Saturation deficit is the indicator that better explains tick activity trends in Herat. Recent increments in reported CCHFV cases in this area are more likely explained by increased surveillance capacity instead of changes in the background transmission dynamics. Modelling suggests that clinical cases only represent 31% (95% CrI 28%-33%) of total infections in this area. Vaccination campaigns targeting humans would result in a much larger impact than livestock vaccination (266 vs 31 clinical cases averted respectively) and a more efficient option when assessed in courses per case averted (35 vs 431 respectively). Targeted vaccination of farmers is impactful and more efficient, resulting in 19 courses per case averted (95% CrI 7-62) compared to targeting the general population (35 courses 95% CrI 16-107).
We developed a series of models of transmission amongst livestock, and spillover infection into humans. We use real-world human and animal data from a CCHFV endemic area in Afghanistan (Herat) to calibrate our models. We assess the value of environmental drivers as proxy indicators of vector activity, and select the best model using deviance information criteria. Finally we assess the impact of vaccination by simulating campaigns targeted to humans or livestock, and to high-risk subpopulations (i.e, farmers).
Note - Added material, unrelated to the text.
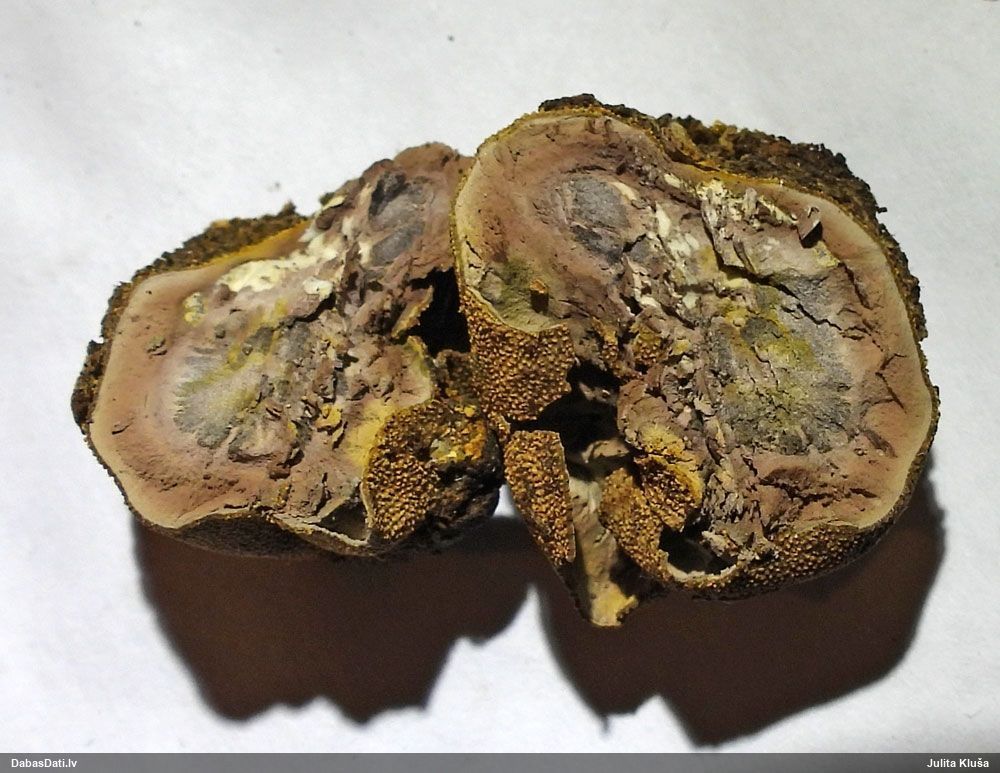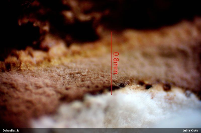 Šim Vijas paraugam iekšas precīzi tādas pašas - baltdzeltenas, ar kapilīciju ar maziem mezgliem, un virsma balta. Sporas gan lielākas: https://dabasdati.lv/lv/observation/b146f03a39b8789e2897007d9e464255/

Crimean-Congo haemorrhagic fever virus (CCHFV) is a highly pathogenic virus for which a safe and effective vaccine is not yet available, despite being considered a priority emerging pathogen. Understanding transmission patterns and the use of potential effective vaccines are central elements of the future plan against this infection.
CCHFV is endemic in Herat, and transmission cycles are well predicted by environmental drivers like saturation deficit. Vaccinating humans is likely to be more efficient and impactful than animals, and importantly targeted interventions to high risk groups like farmers can offer a more efficient approach to vaccine roll-out.